* _Work instruction_:
Your reply should be the whole listing, copied exactly, with the pictures left out.
====
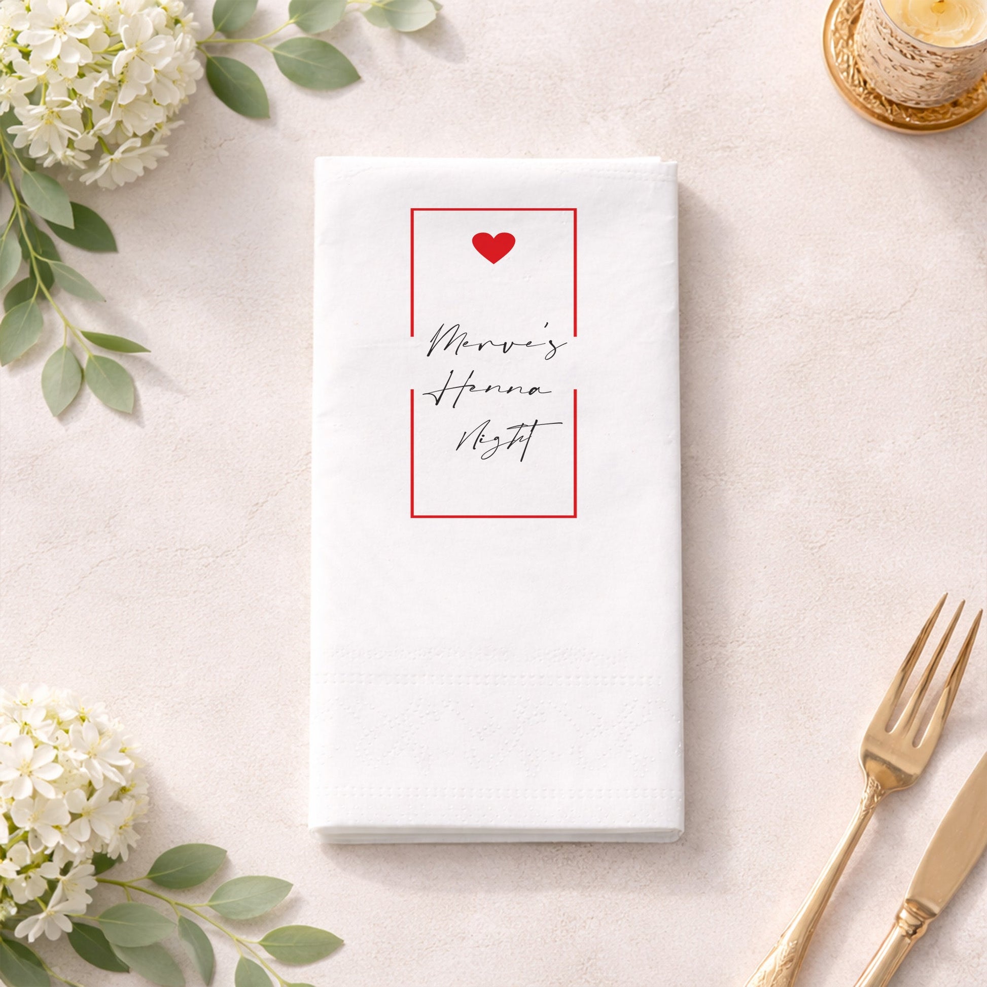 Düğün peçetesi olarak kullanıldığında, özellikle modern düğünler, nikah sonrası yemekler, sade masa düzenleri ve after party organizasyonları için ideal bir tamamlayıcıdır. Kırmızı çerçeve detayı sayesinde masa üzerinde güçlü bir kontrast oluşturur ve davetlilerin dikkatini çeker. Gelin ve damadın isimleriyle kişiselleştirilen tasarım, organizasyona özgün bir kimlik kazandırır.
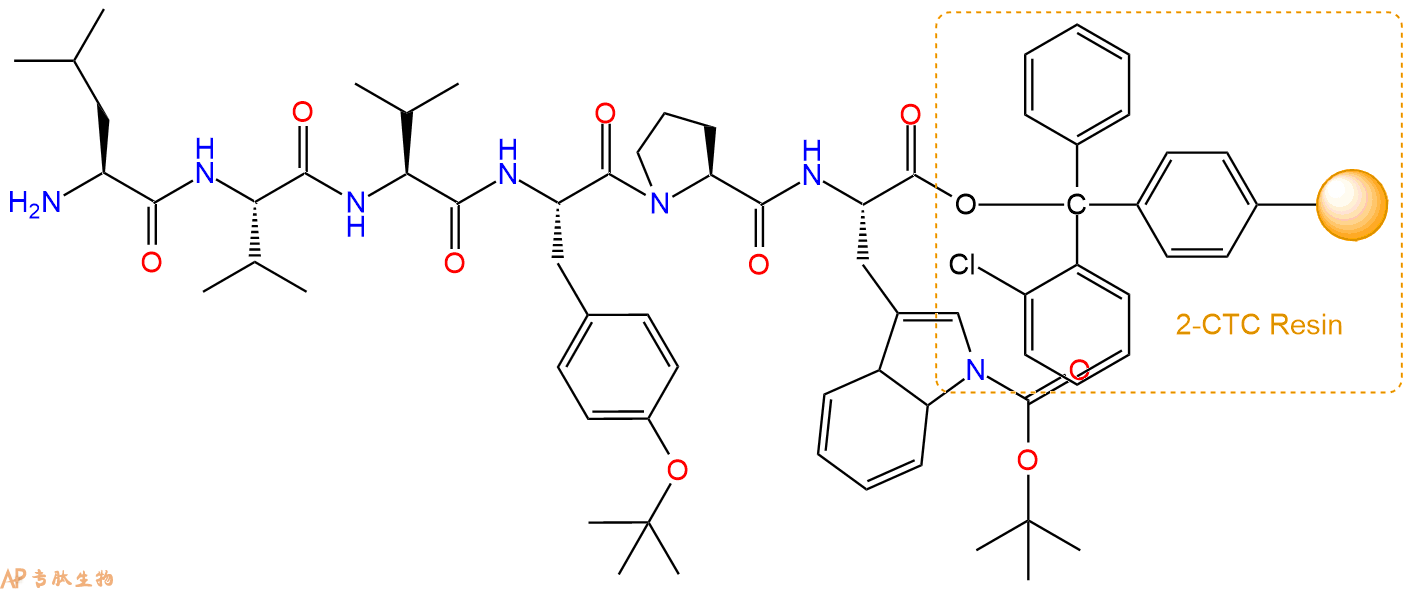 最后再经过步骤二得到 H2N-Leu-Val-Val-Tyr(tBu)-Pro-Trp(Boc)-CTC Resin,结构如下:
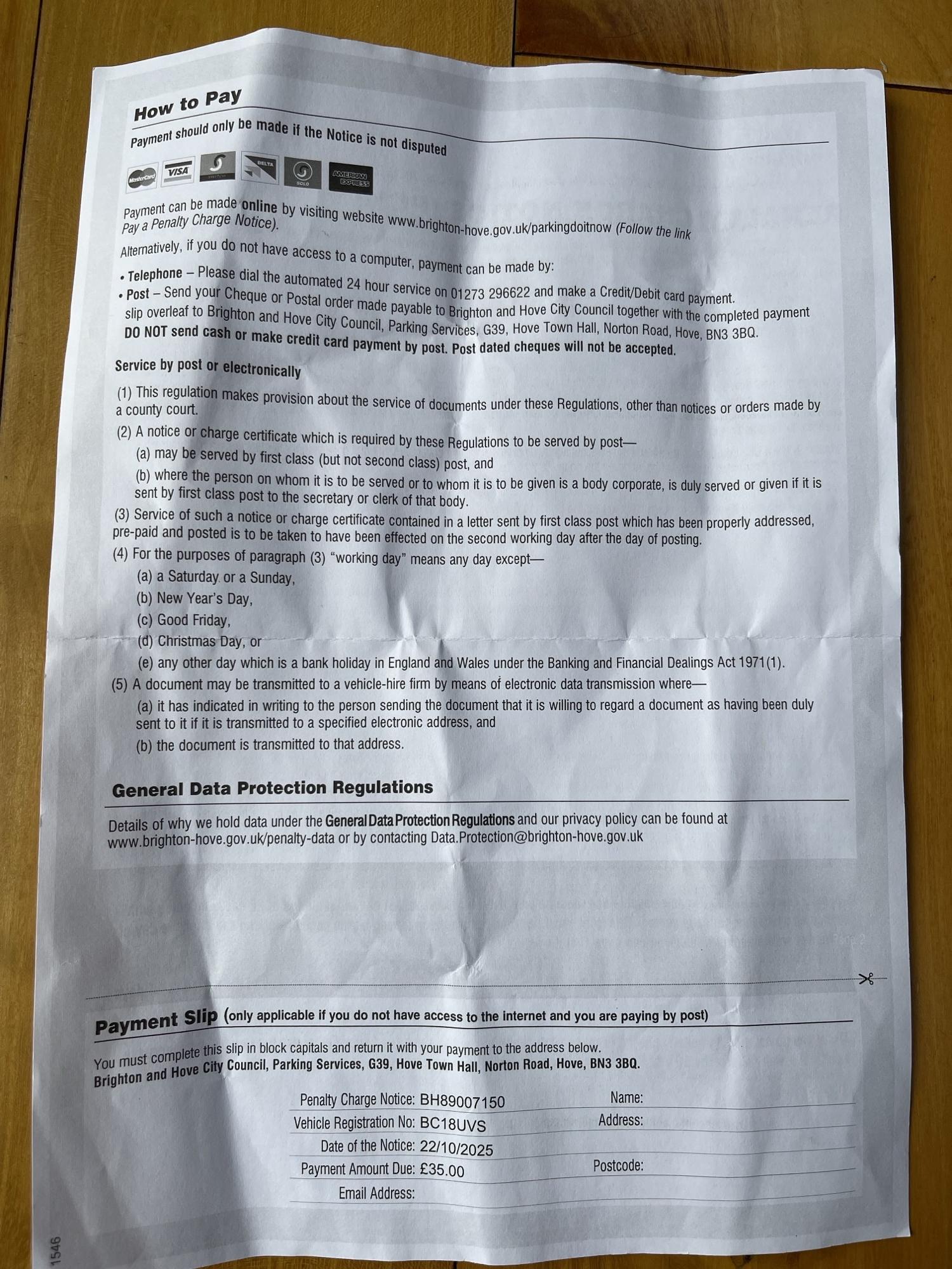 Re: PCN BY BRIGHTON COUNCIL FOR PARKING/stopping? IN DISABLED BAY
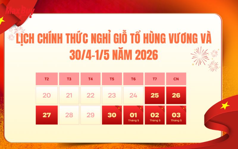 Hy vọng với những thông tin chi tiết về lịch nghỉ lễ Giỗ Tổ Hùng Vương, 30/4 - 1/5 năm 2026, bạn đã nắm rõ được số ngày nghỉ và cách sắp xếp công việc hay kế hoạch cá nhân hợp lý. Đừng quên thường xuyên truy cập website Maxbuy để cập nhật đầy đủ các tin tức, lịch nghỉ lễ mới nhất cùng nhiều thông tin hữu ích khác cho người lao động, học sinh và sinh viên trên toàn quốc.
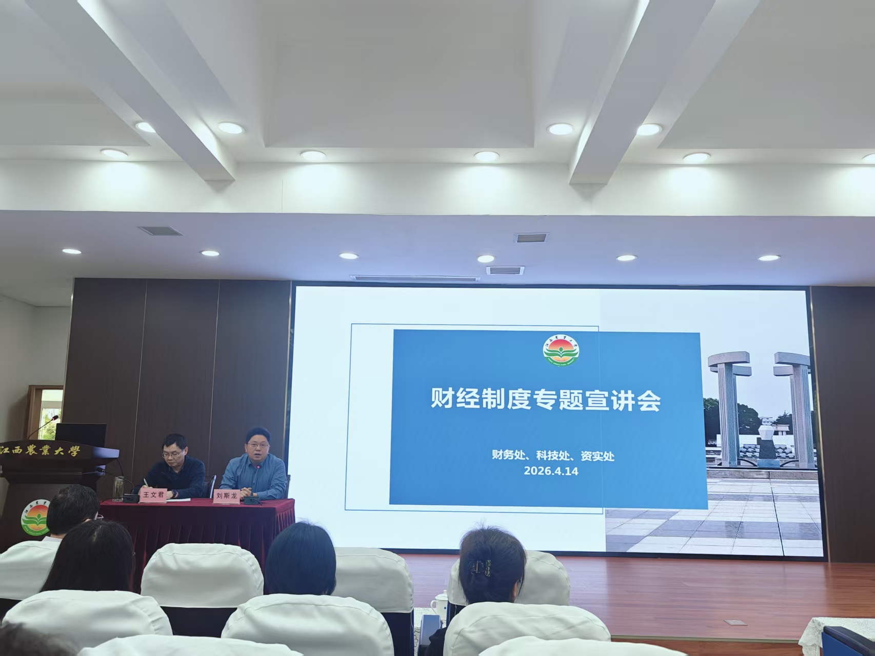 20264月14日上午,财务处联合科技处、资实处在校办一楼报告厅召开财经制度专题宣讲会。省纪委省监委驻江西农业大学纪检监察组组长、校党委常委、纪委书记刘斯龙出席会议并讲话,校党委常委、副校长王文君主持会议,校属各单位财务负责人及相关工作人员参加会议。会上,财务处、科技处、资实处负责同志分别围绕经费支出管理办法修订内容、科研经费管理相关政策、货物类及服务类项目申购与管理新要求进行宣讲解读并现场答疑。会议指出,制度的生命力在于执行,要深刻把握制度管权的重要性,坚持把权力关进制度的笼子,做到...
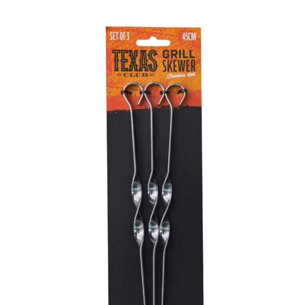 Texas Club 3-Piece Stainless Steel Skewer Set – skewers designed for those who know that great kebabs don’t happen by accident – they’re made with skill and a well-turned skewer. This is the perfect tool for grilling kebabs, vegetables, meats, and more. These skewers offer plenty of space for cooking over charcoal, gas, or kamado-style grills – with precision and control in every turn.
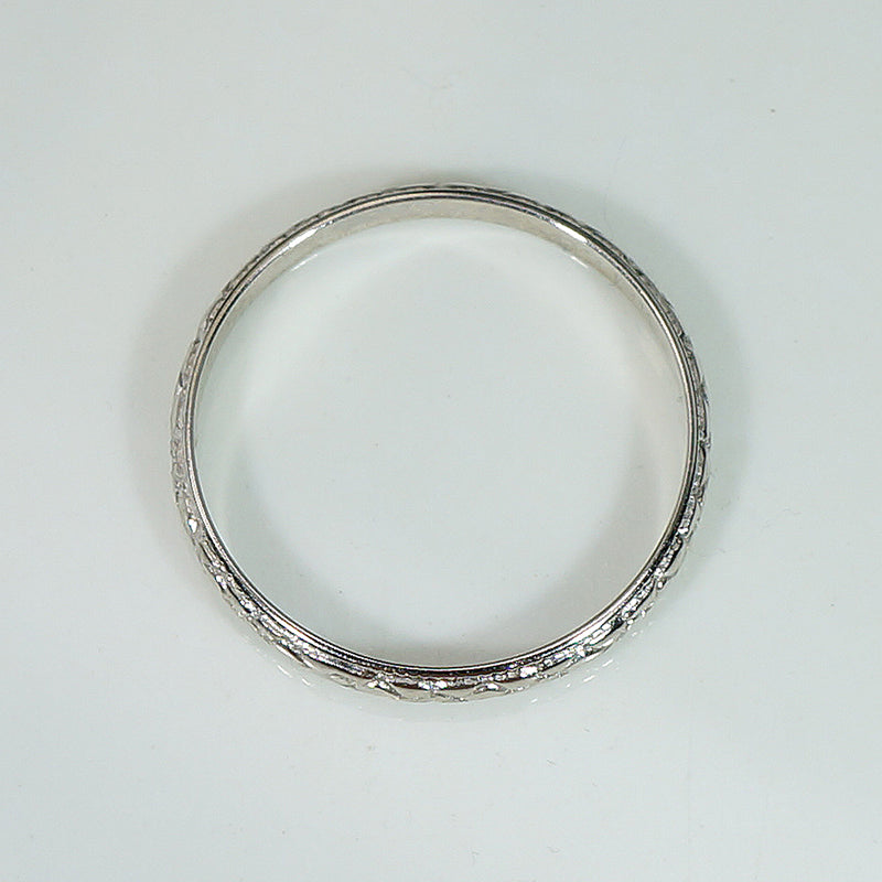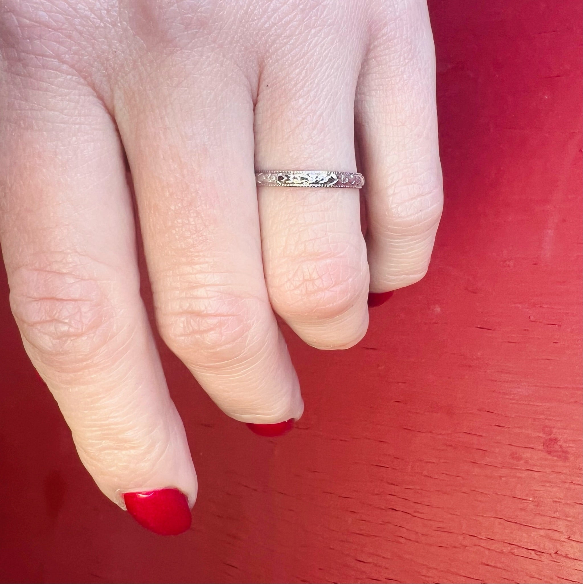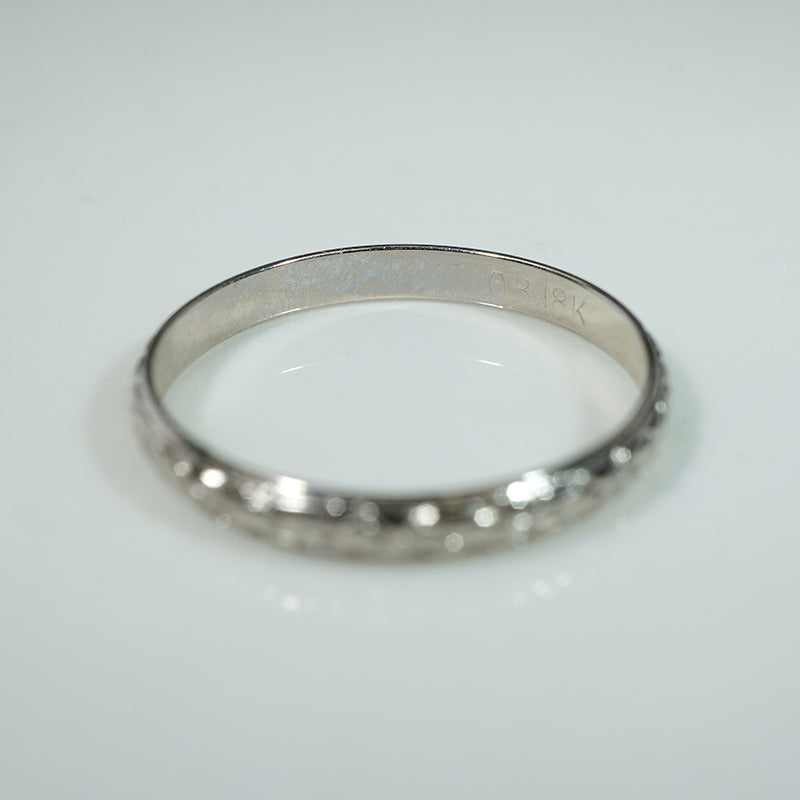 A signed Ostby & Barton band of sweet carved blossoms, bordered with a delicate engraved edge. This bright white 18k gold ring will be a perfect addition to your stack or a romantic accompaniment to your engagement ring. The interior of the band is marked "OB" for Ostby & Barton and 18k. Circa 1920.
====
* _Exercise response_:
 Düğün peçetesi olarak kullanıldığında, özellikle modern düğünler, nikah sonrası yemekler, sade masa düzenleri ve after party organizasyonları için ideal bir tamamlayıcıdır. Kırmızı çerçeve detayı sayesinde masa üzerinde güçlü bir kontrast oluşturur ve davetlilerin dikkatini çeker. Gelin ve damadın isimleriyle kişiselleştirilen tasarım, organizasyona özgün bir kimlik kazandırır.
 最后再经过步骤二得到 H2N-Leu-Val-Val-Tyr(tBu)-Pro-Trp(Boc)-CTC Resin,结构如下:
 Re: PCN BY BRIGHTON COUNCIL FOR PARKING/stopping? IN DISABLED BAY
 Hy vọng với những thông tin chi tiết về lịch nghỉ lễ Giỗ Tổ Hùng Vương, 30/4 - 1/5 năm 2026, bạn đã nắm rõ được số ngày nghỉ và cách sắp xếp công việc hay kế hoạch cá nhân hợp lý. Đừng quên thường xuyên truy cập website Maxbuy để cập nhật đầy đủ các tin tức, lịch nghỉ lễ mới nhất cùng nhiều thông tin hữu ích khác cho người lao động, học sinh và sinh viên trên toàn quốc.
 20264月14日上午,财务处联合科技处、资实处在校办一楼报告厅召开财经制度专题宣讲会。省纪委省监委驻江西农业大学纪检监察组组长、校党委常委、纪委书记刘斯龙出席会议并讲话,校党委常委、副校长王文君主持会议,校属各单位财务负责人及相关工作人员参加会议。会上,财务处、科技处、资实处负责同志分别围绕经费支出管理办法修订内容、科研经费管理相关政策、货物类及服务类项目申购与管理新要求进行宣讲解读并现场答疑。会议指出,制度的生命力在于执行,要深刻把握制度管权的重要性,坚持把权力关进制度的笼子,做到...
 Texas Club 3-Piece Stainless Steel Skewer Set – skewers designed for those who know that great kebabs don’t happen by accident – they’re made with skill and a well-turned skewer. This is the perfect tool for grilling kebabs, vegetables, meats, and more. These skewers offer plenty of space for cooking over charcoal, gas, or kamado-style grills – with precision and control in every turn.
 A signed Ostby & Barton band of sweet carved blossoms, bordered with a delicate engraved edge. This bright white 18k gold ring will be a perfect addition to your stack or a romantic accompaniment to your engagement ring. The interior of the band is marked "OB" for Ostby & Barton and 18k. Circa 1920.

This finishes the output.